The amount and type of dairy ingredient for ice cream is dictated by Title 21 of the Code
of Federal Regulations (CFR) 135.110, and for sherbet, 21 CFR 135.140.
Water ices, as governed by 21 CFR 135.160 are prepared similarly to
that of sherbet, except the water ice mixture does not require pasteurization,
and contains neither milk nor any milk-derived ingredient.
Although ice cream is produced for bulk packaging, as well as for novelties, there are
some differences worth noting. The overrun — the amount of air incorporated
into the ice cream mix — is generally less for novelties than for packaged
ice cream, which can be as high as 100%, notes James Nace, senior food
technologist, Universal Flavors, Fenton, MO. Novelties are more vulnerable to heat shock during distribution
than bulk ice cream due to their size and the amount of exposed surface
area. As a result, a coating protects most novelties, be it chocolate,
water or a layer of fat. Also, inclusions such as cookie, candy or nut
pieces generally need to be smaller than those used for bulk ice cream,
adds Nace.
Frozen novelties are either molded or extruded. Spade and bullet-shaped reusable molds
made from a metal alloy with good heat-transfer properties are commonly
used. Product is filled into the mold, which is immersed in a cold brine
(-40°F). A stick is inserted into the product while the mix is still
pliable. When the bar is ready for extraction, it moves to a "defrost zone" where the mold is sprayed with a warm brine (60° to 100°F)
that helps release the bar from the mold. Some processes incorporate
a back-suction step after filling, which leaves room in the center of
the bar for a different type of filling. Another type of mold, and one
that doesn't require extraction, is the sugar cone or the plastic cup.
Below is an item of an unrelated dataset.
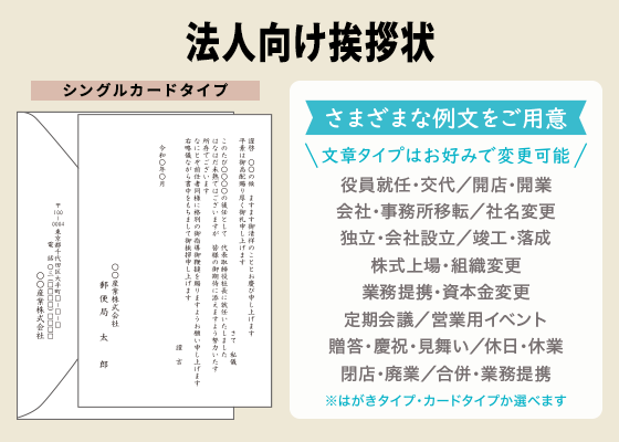 あらゆるビジネスの場で活用できる挨拶状。用途に合わせた文章、はがきのタイプをご用意しています。文章はお好みに合わせて変更可能です。

Examples of extruded products include bars with sticks, ice cream sandwiches, and round-headed
ice cream cones. Ice cream also can be horizontally extruded into stickless
bars with a groove on the top surface to accommodate inclusions, such
as caramel and nuts. This is how many of the ice cream versions of popular
candy bars are made.
The draw temperature of the ice cream for molding is approximately 25° to 26°F, where "only
25% to 35% of the water in the formula will be frozen, giving a loose,
slushy texture, which readily takes on the shape of any mold into which
it is poured," explains Talbot. "By contrast, the ice cream
for extruded products needs to be sufficiently stiff to retain its shape
after extrusion through an orifice. For this reason, extruded ice cream
is made at draw temperatures of 19° to 21°F and contains 55% to 60%
frozen water."
Extruded ice cream novelties have better overrun control than molded novelties because
of the temperature differential noted above. "Super-premium category
novelties are almost always extruded and the overrun usually does not
exceed 70% to 75%," says Nace. "Premium extruded novelties
Both water-based and dairy-based novelties have textures that range from hard and icy,
to smooth and creamy. "With the freezing technology we have available
today and that we will have in the near future, texture in every product
category can be controlled," says Nace. "Standard water ices
In the past, water ices and fruit- and dairy-based bars often exhibited undesirable textures
ranging from iciness to gumminess. Iciness comes from the current freezing
process, which uses an ammonia-cooled media, which forms the cold brine
as described previously. "This slower freezing allows the larger
ice crystals to form, thus giving the bars an icier texture," notes
Nace. Newer, cutting-edge technology uses either cryogenic liquid nitrogen
(-320°F), or other quick-freezing agents, such as liquid carbon dioxide,
to promote more rapid freezing. "This quick freezing prevents large
ice crystals, thus giving a perceived smoother texture," adds Nace.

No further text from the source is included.